Let us take a look at the statistics of all profiles with "infinite" lag time::

    dcma stats profiles.?.inf20-50.txt -o profiles.stats

When calculating the statistics (averages and 95% quantiles), they get plotted automatically. The plots should
look pretty much like this:

.. image:: oxy_F.png
   :scale: 30 %
.. image:: oxy_D.png
   :scale: 30 %

Changes With Respect to MCDiff
------------------------------

* Algorithms: The Monte Carlo sampling is replaced by a derivative-free optimization method called CMA-ES.
* Efficiency: C++ is used for the computationally expensive parts of the calculations.
* Convenience: The vectors containing diffusion profiles in MCDiff store the values at bin edges.

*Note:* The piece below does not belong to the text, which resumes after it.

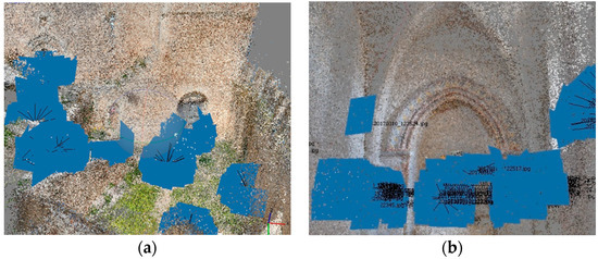 The reconstruction of the outdoor point cloud was the base for the creation of the 3D mesh of the entire monumental complex including the natural environment around it. At the same time, with the same technology, the point clouds of indoor environments of the castle (the baron’s hall, the bedroom, the chapel, etc.) were created (Figure 10a,b). In particular, a realistic 3D restitution of every interior room was developed by considering a huge number of photos taken from different angles and different positions and with some main distances as a reference but without the support of the GNSS network. The level of precision obtained from this operation was satisfactory in relation to the primary goal of this 3D restitution: the creation of a realistic 3D model of the castle with a good level of detail, useful for a virtual tourism application and documentation, and developed using fast survey operations with a reduced number of operators.

Instead, diffusioncma
  stores the values at the bin centers (consistent with the free energy). When assembling the rate matrix, this is
  accounted for (the diffusion values that go into the rate matrix are averages over the adjacent bins (i) and (i+1)).

To Be Done / Limitations
------------------------

1) All models assume periodic boundary conditions.

2) So far, the code works only for the Smoluchowski equation in one coordinate.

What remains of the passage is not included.